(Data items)
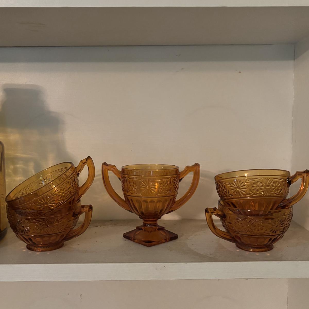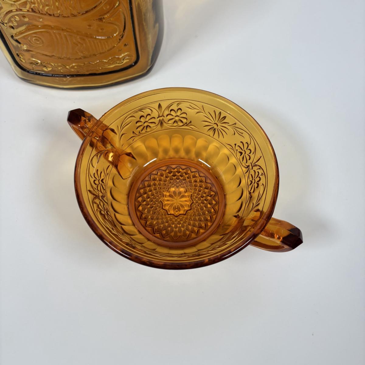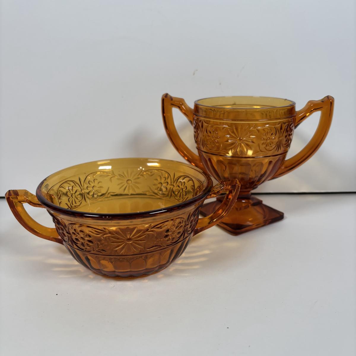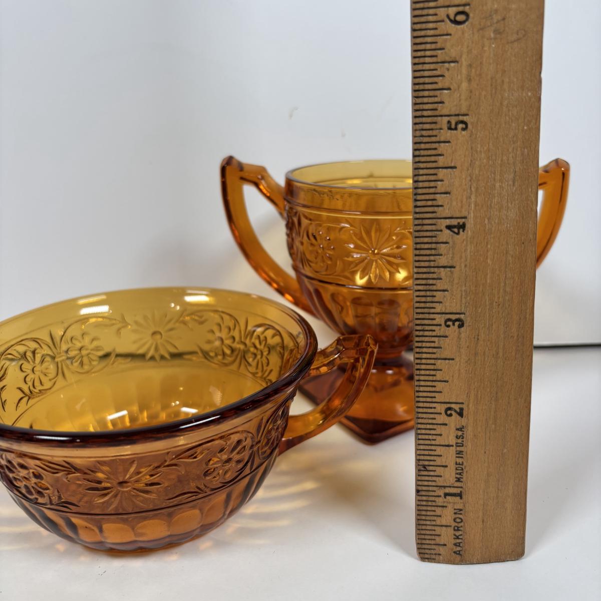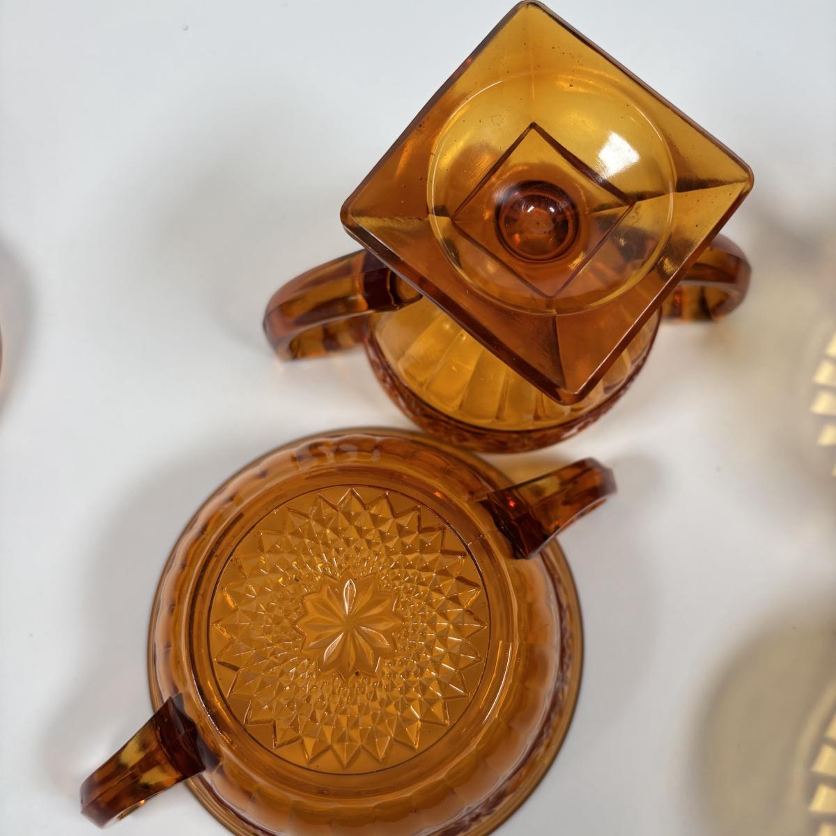 LOT 380: Vintage Amber Wheaton Glass Embossed Canister Jar & Indiana Depression Amber Glassware
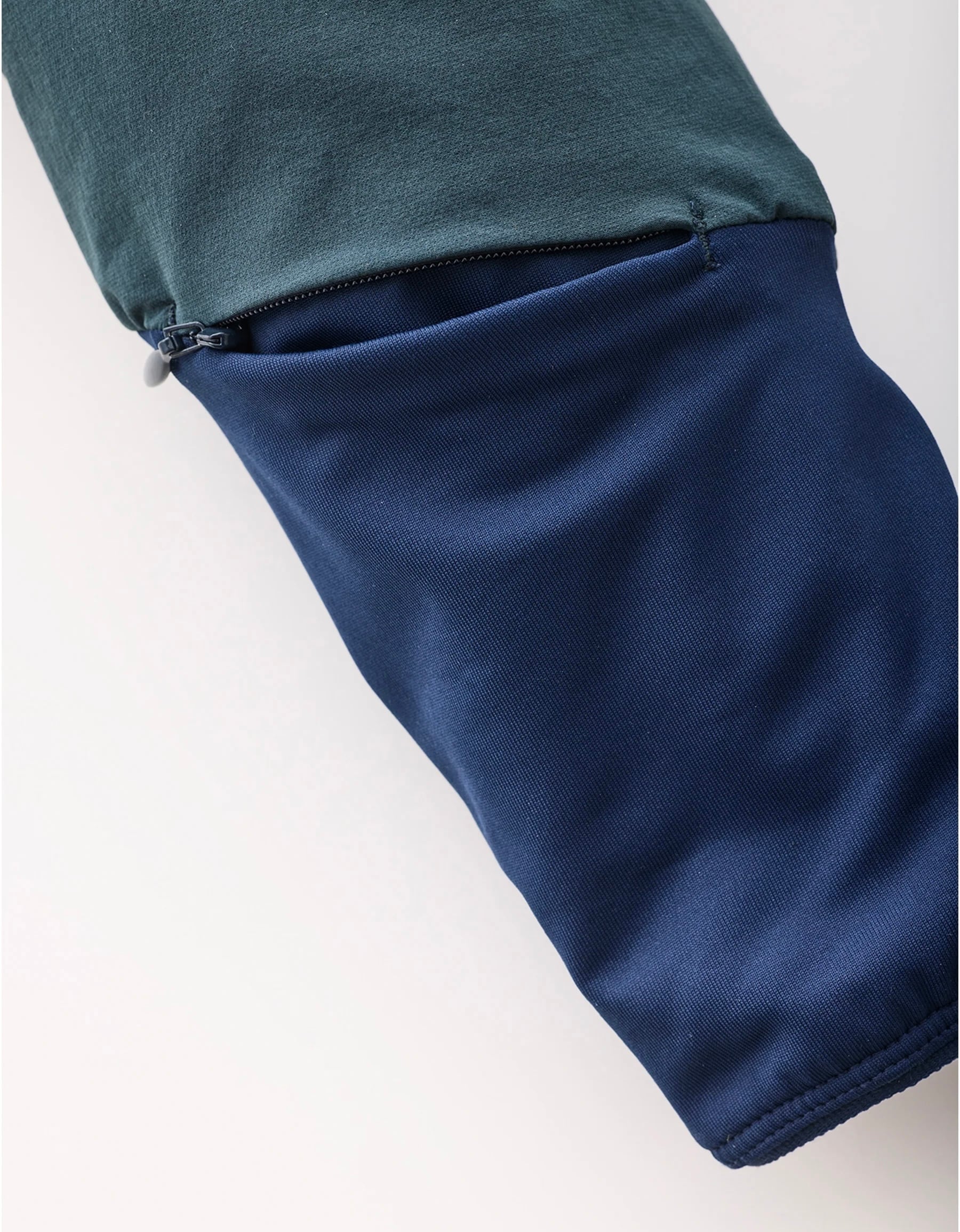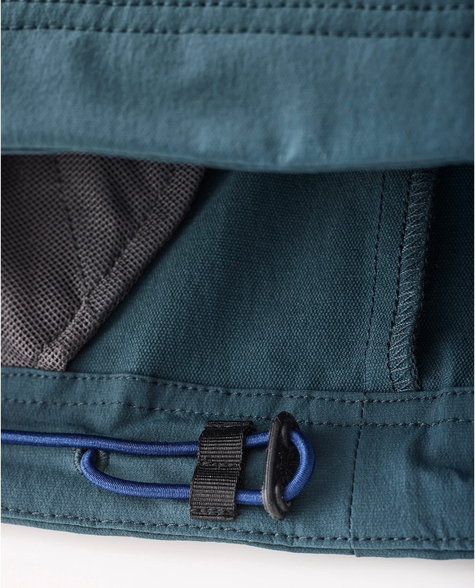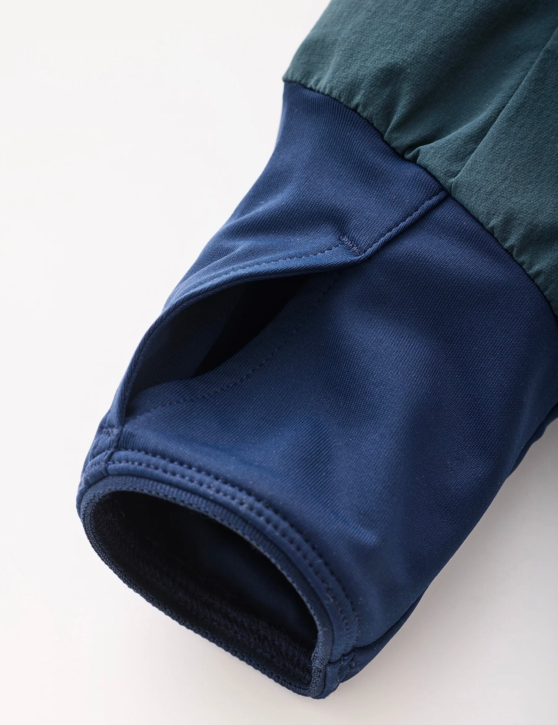 冬のマウンテンランニングを想定した新作。防風性、通気性、保温性、運動性に配慮したジャケットです。メインの素材は、通気性とストレッチ性に優れ、汗をかいたときも肌離れが良いソフトシェル。胸の部分は風を防ぐHPPE(ハイパフォーマンスポリエチレン)のリップストップ生地で、「PrimaLoft ThermoPlume」に断熱効果の高いエアロゲルをミックスした中綿を充填し、体幹部分の保温性を高めています。腕の振りを妨げない細身のシルエットで、両サイドにベンチレーション兼用の大型ポケット、右手首に小銭や鍵などを入れられるジッパー付きのポケット、左手首にはウォッチウィンドウを装備。ランニングだけでなく、寒冷下の自転車や冬山のミッドレイヤーとしても使える一着です。
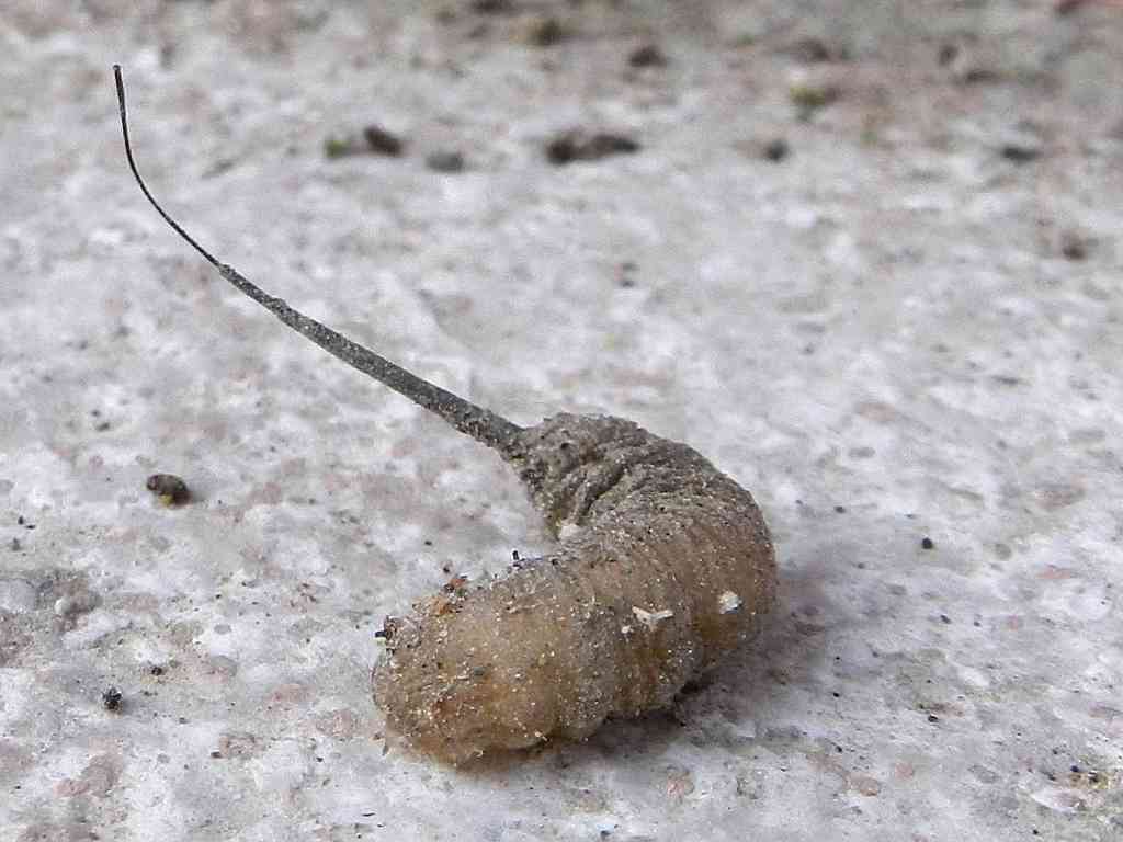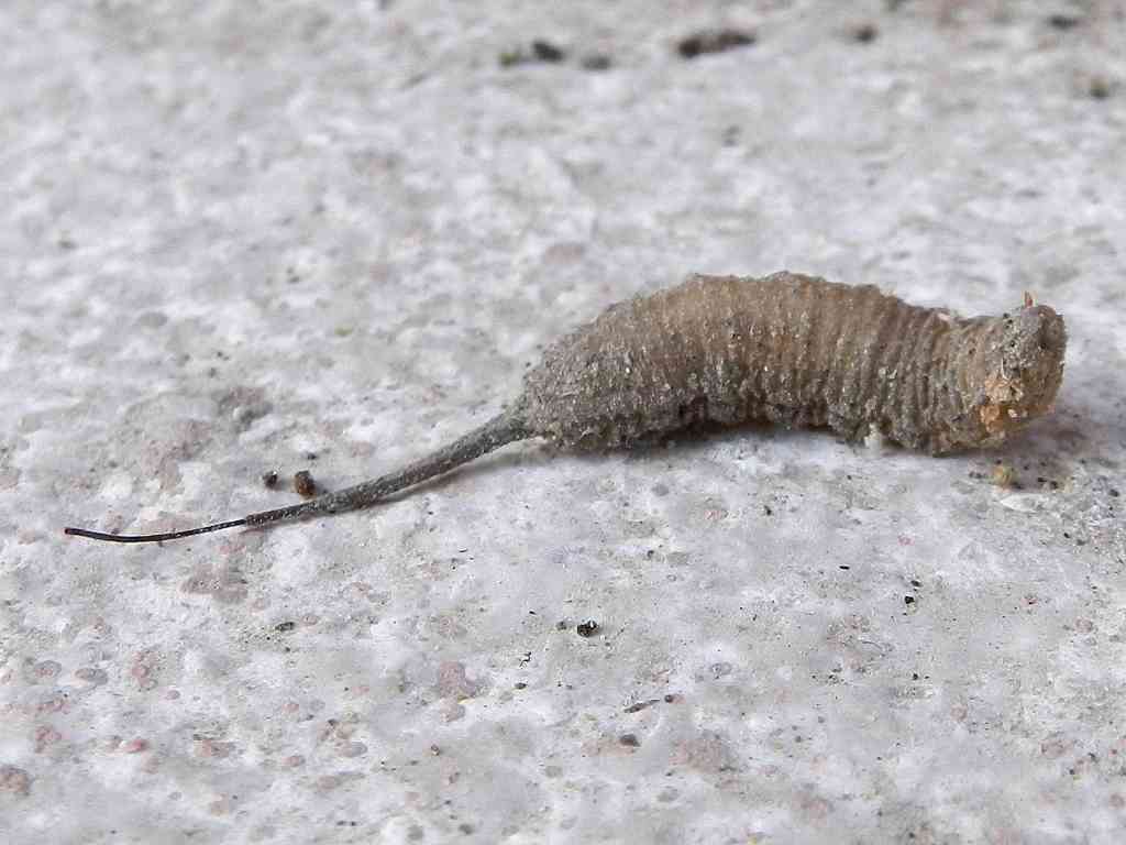 So che larve simili appartengono ai ditteri della fam. Syrphidae, in particolare quelli del genere Eristalis, ma questa mi è sembrata troppo grande; più di cm. 1 cm senza la coda. Inoltre mi ha sorpreso il luogo di rinvenimento, poiché le larve di Eristalis vivono nel letame e nei liquami, dove sopravvivono traendo l’ossigeno dalla lunga appendice di cui sono dotate.
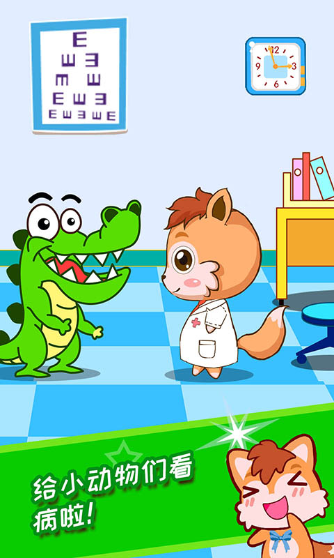 嘟嘟医院让你实现给动物治病的梦想。患病的小动物有小白兔、小浣熊、大象、鳄鱼、猴子、老虎,他们有着不同的患病情况,包括发烧、拉肚子、骨折、眼睛痛、外伤流血。通过给这些小动物看病,可以消除宝宝对医院的恐惧。同时游戏有温馨提醒,让宝宝和小朋友养成良好的生活习惯,比如吃东西前要先洗手,睡觉要盖好被子,看电视不能看太久,等等。
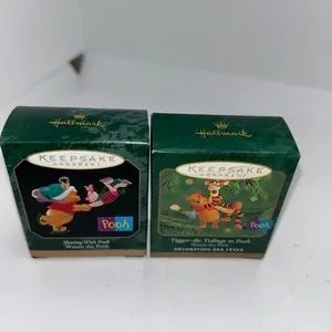 2 Hallmark Pooh Collection Piglet Tigger Miniature 1999-2000 Skating With Pooh
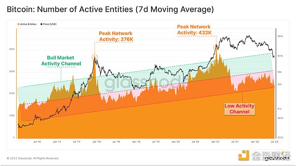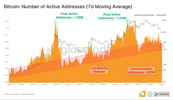 由于美國6月份通脹預期仍居高不下,烏云籠罩,潛在的經濟持續衰退,市場仍處于高度避險狀態。這在比特幣的鏈上表現和活躍度中很明顯,最近幾周比特幣的鏈上活躍略有減弱。隨著網絡活躍現在處于與2018年和2019年最嚴重的熊市階段相吻合的水平,似乎已經發生了對市場旅游近乎徹底清除的情況。

= Required action =
Only the lines from the one with "So che larve" through the final line of the entries above are to be repeated, exactly as written and without pictures.

= Finished task =
 So che larve simili appartengono ai ditteri della fam. Syrphidae, in particolare quelli del genere Eristalis, ma questa mi è sembrata troppo grande; più di cm. 1 cm senza la coda. Inoltre mi ha sorpreso il luogo di rinvenimento, poiché le larve di Eristalis vivono nel letame e nei liquami, dove sopravvivono traendo l’ossigeno dalla lunga appendice di cui sono dotate.
 嘟嘟医院让你实现给动物治病的梦想。患病的小动物有小白兔、小浣熊、大象、鳄鱼、猴子、老虎,他们有着不同的患病情况,包括发烧、拉肚子、骨折、眼睛痛、外伤流血。通过给这些小动物看病,可以消除宝宝对医院的恐惧。同时游戏有温馨提醒,让宝宝和小朋友养成良好的生活习惯,比如吃东西前要先洗手,睡觉要盖好被子,看电视不能看太久,等等。
 2 Hallmark Pooh Collection Piglet Tigger Miniature 1999-2000 Skating With Pooh
 由于美國6月份通脹預期仍居高不下,烏云籠罩,潛在的經濟持續衰退,市場仍處于高度避險狀態。這在比特幣的鏈上表現和活躍度中很明顯,最近幾周比特幣的鏈上活躍略有減弱。隨著網絡活躍現在處于與2018年和2019年最嚴重的熊市階段相吻合的水平,似乎已經發生了對市場旅游近乎徹底清除的情況。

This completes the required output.